Complex functions form the backbone of complex analysis, an area of mathematics that deals with functions of a complex variable. These functions have a rich structure and exhibit fascinating properties not visible in real functions. Key Points to Understand Complex Functions:

• Analytic Functions: These are functions that are differentiable at every point in their domain. Differentiability implies that the function has a Taylor series expansion at each point.

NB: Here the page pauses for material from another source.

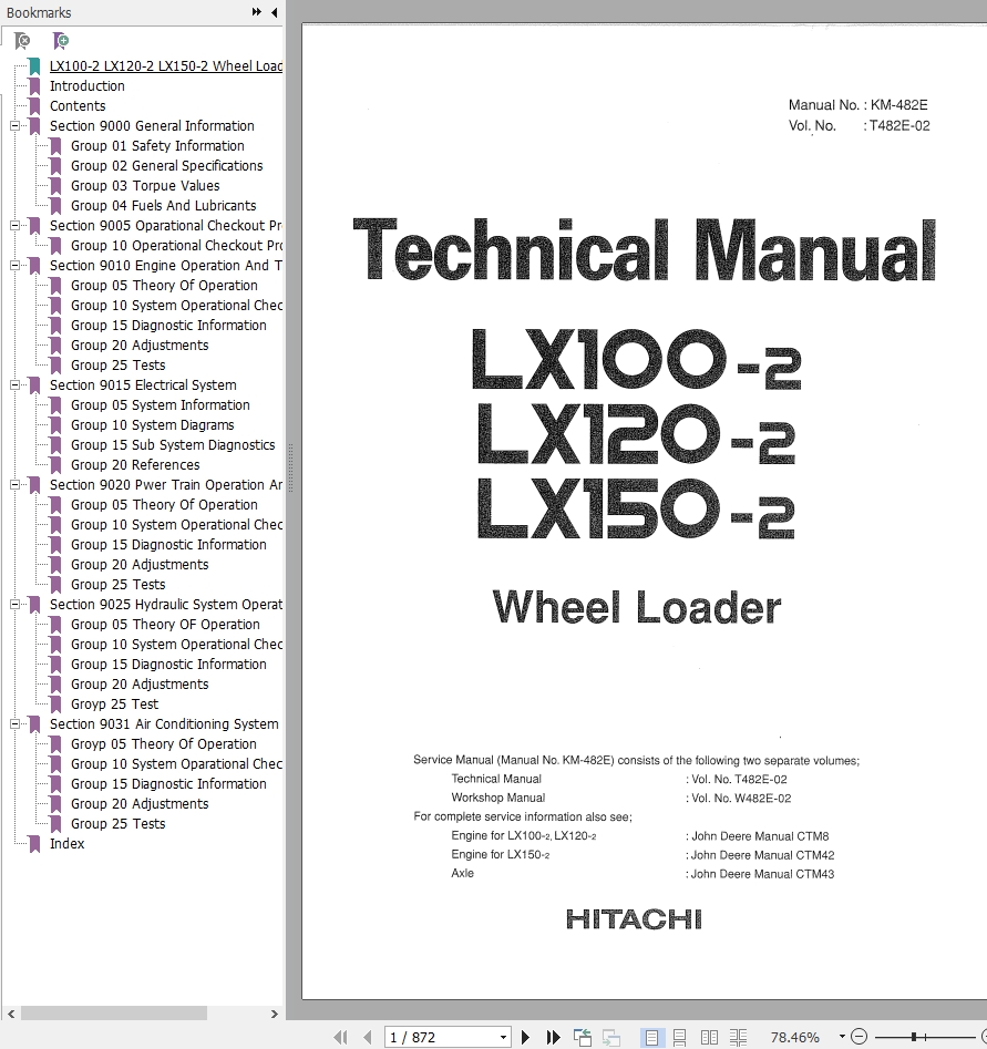 The Bookmarks of Hitachi LX100-2 LX120-2 LX150-2 Wheel Loader Technical Manual:

• Singularities: Points where the function fails to be analytic. These include poles, branch points, and essential singularities.
• Laurent Series: This is a series expansion for functions near singularities, containing negative powers of \ \(z\).
• Residue Theorem: A powerful tool for evaluating integrals, it relates the sum of residues of a function inside a contour to the integral around that contour.